Exerting a mighty gravitational pull, these seven celestial bodies will cause the Earth's axis to tilt, unleashing trillions of tons of Antarctic ice and water that will sweep over the planet and swamp all civilisation.

That is the prediction of author Richard Noone, whose 1982 book, "5/5/2000 -- The Ultimate Disaster," paints a grim tableau of death from space, supported by references to Stonehenge, UFOs, the CIA, the Freemasons, the Turin Shroud and an encrypted warning buried in the Pyramids.

Nor is Noone just a no-one. His scenario has inspired several books and innumerable websites by occultists, astrologists and survivalists, some of whom are hawking advice and equipment to help the forewarned, like Noah, endure the Flood.

There's just one problem, say scientists. Virtually nothing is going to happen.

From Thursday, April 6, the naked-eye planets, the Moon and the Sun will gradually inch their way towards each other, culminating on May 5, when they will be clustered together in an arc of less than 26 degrees.

"It's quite rare, but it is not an alignment, it's a grouping," said Belgian astronomer Jean Meeus, who predicted the May 2000 phenomenon way back in 1961, laboriously calculating the planets' paths from tables that dated back to World War I.

The last time the seven bodies grouped up was on February 2 1962, when they were even closer together, in an arc of just over 16 degrees, he told AFP.

According to his arithmetic, over the past 2,000 years, the closest span was in 1186 with 11 degrees; the next grouping will occur on September 9 2040, with an arc of 29 degrees.

But even if all seven bodies were all aligned, and they were at their closest point to the Earth, their impact would be negligible, having a combined effect of less than one six-thousandth of the average tide caused by the Sun, he said.

The Doomsday talk is "utter nonsense", Meeus said, acidly comparing the predictions with a scare caused by two astronomers, John Gribbin and Stephen Plagemann, who suggested the lineup of all the planets on one side of the Sun in 1982 could unleash solar storms and trigger earthquakes.
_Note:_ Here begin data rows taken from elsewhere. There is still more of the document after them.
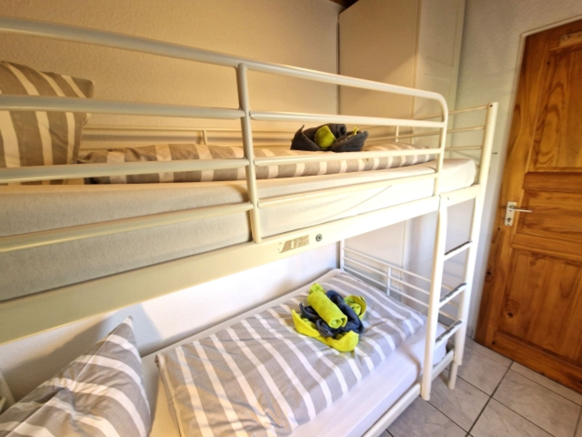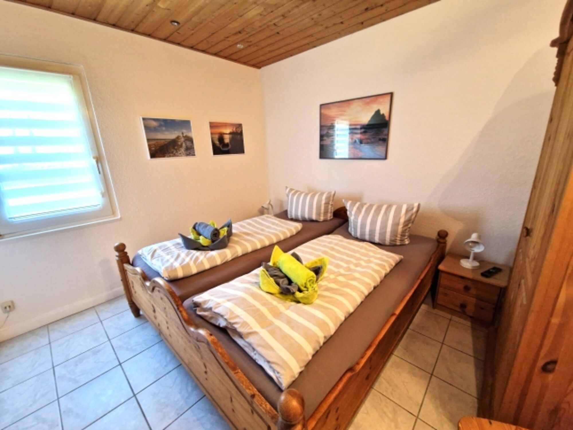 In den Schlafräumen finden Sie Ruhe und Entspannung. Es stört kein Straßenverkehrslärm, da das Haus in einer ruhigen parkähnlichen Gartenanlage ohne Durchgangsverkehr liegt. Außerdem befindet sich im Schlafzimmer ein zweiter Flachbildschirm, so dass Sie getrennt verschiedene Programme sehen können. Ferner verfügt der Ferienbungalow über 2 weitere Schlafzimmer 1x Einzelbett und 1x Etagenbett)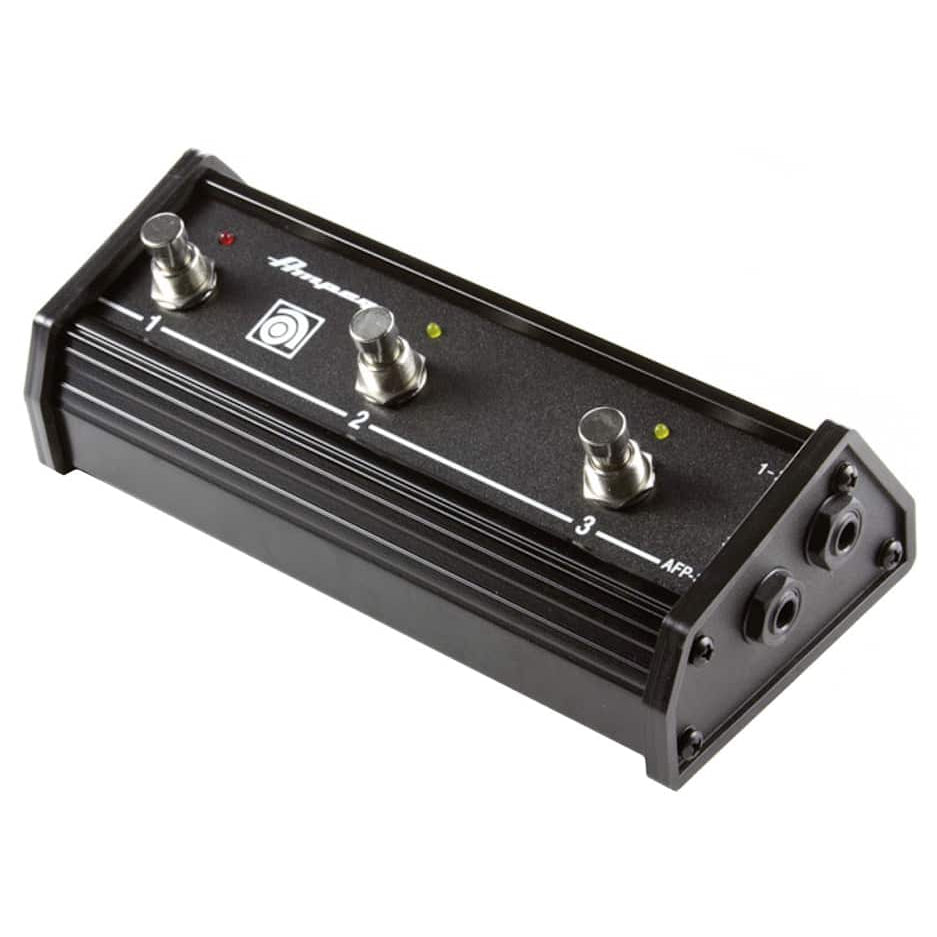 The Ampeg AFP3 3-Button Footswitch for SVT4-Pro and other amplifiers, is a three-button foot-controlled switcher for turning effects and equalization on or off, and for muting the amplifier, remotely, from the stage or studio floor. The pedal buttons mirror the actual amp switching buttons of the front panel of the amplifier face plate. It plugs into the “Footswitch” jack on the amplifier. Footswitch for SVT4-Pro and other amplifiers 3-Button foot controlled switcher for turning effects and EQ on or off, and for muting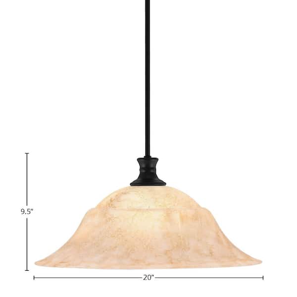 Peabody 60-Watt 1-Light Matte Black Shaded Pendant Light with 20 in. Italian Marble Glass Shade, No Bulb Included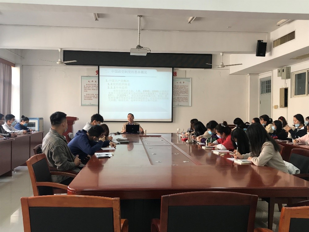 11月16日,我院第9期發展對象培訓班第四次課程在15號教學樓815會議室展開。課程由17級輔導員張海燕老師主持,我院吳開松院長為各位發展對象進行了以“中國政黨制度”為主題的培訓,全體發展對象參與了此次課程培訓。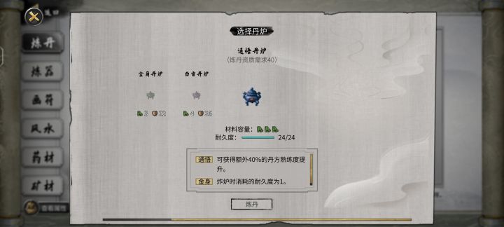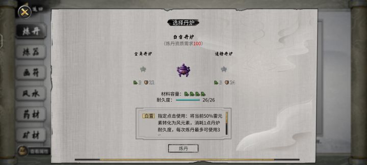 是这样的材料都刷好了,差一个化灵丹。买了两个丹炉。蓝色的那个只能出5品的化灵丹,紫色那个差资质。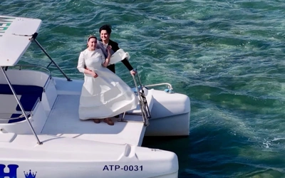 По пути молодожёны сняли несколько видеороликов в стиле love story на фоне Каспийского моря, запечатлев атмосферу важного для страны дня. В объектив камеры попали живописные морские пейзажи, моменты прогулки по воде и прибытие к берегу. Таким образом они совместили один из самых важных дней в личной жизни с участием в значимом общественно-политическом событии.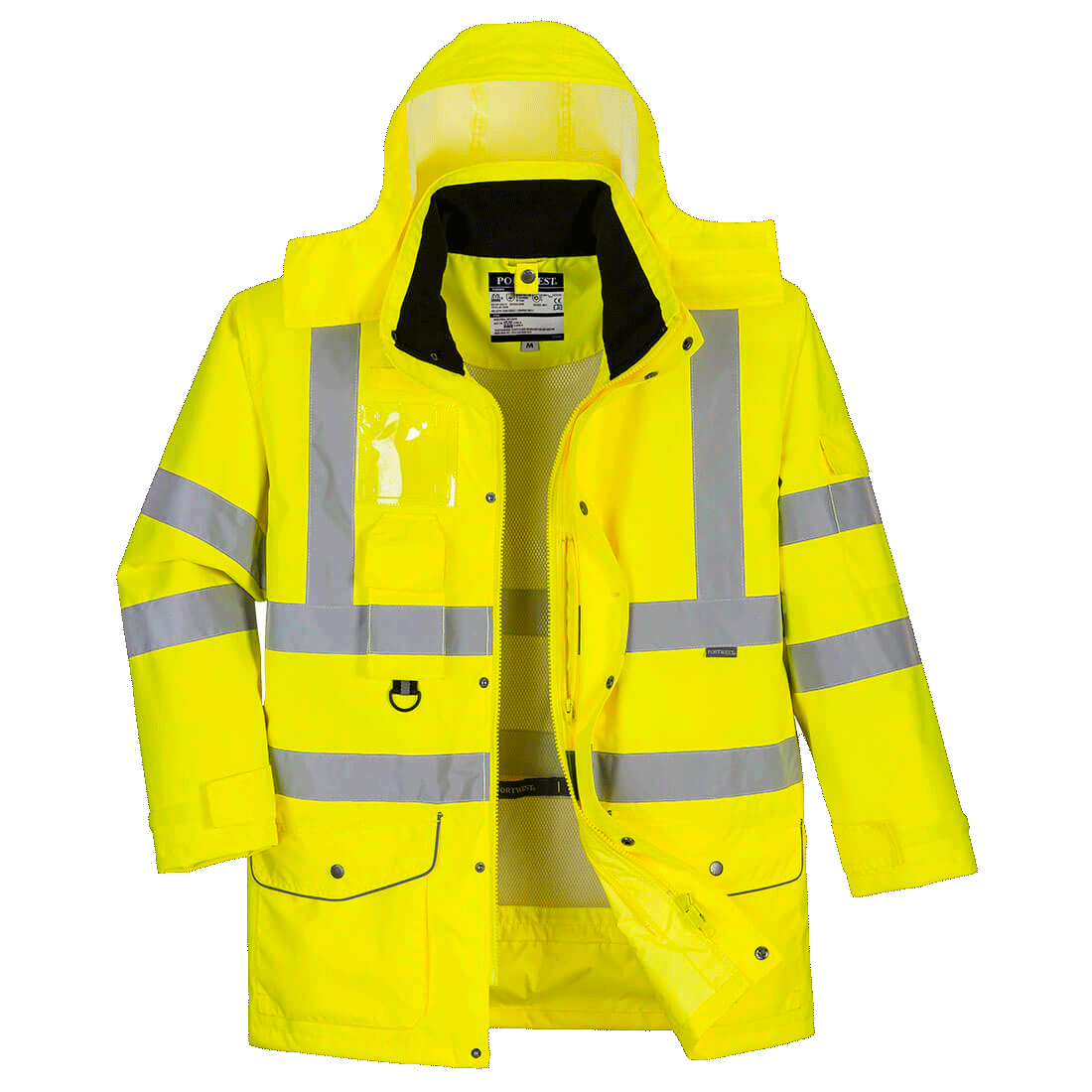 Innovatiivinen 7 in 1 -takki sopii mihin tahansa tilanteeseen. Vesitiivissä ja hengittävässä ,EN-luokitetussa takissa on useita ominaisuuksia, kuten runsaat taskut, piilohuppu ja fleecevuorattu kaulus.

"There have been about 45 million such alignments in the history of the Earth," notes US astronomer Brian Monson of the Oklahoma School of Science and Mathematics.

"Several dozen of these have happened since humans learned to write, so if anything truly horrible had happened as a result of these alignments, it would have been recorded."

Even though cosmic alignment may be neither exceptional nor harmful, it has been a spur for stargazers and the superstitious since civilisation's earliest days.

The first known calendar is believed to have been inspired by a spectacular grouping almost 4,000 years ago, when Chinese astrologers took the conjunction of the planets as an auspicious sign for the country's first royal dynasty.

Floods, earthquakes and other catastrophes were predicted for February 1524, but nothing special happened. A similar scare in 1774 inspired a brilliant Dutch amateur astronomer, Eise Eisinga, to build a hand-cranked model of the solar system to show the true movements of the planets.

For all its rarity, next month's grouping will be a disappointing show, as the glare from the Sun, which is one of the aligned objects, will blot out the other planets whenever they are above the horizon, said David Asher, an astronomer at Britain's Armagh Observatory.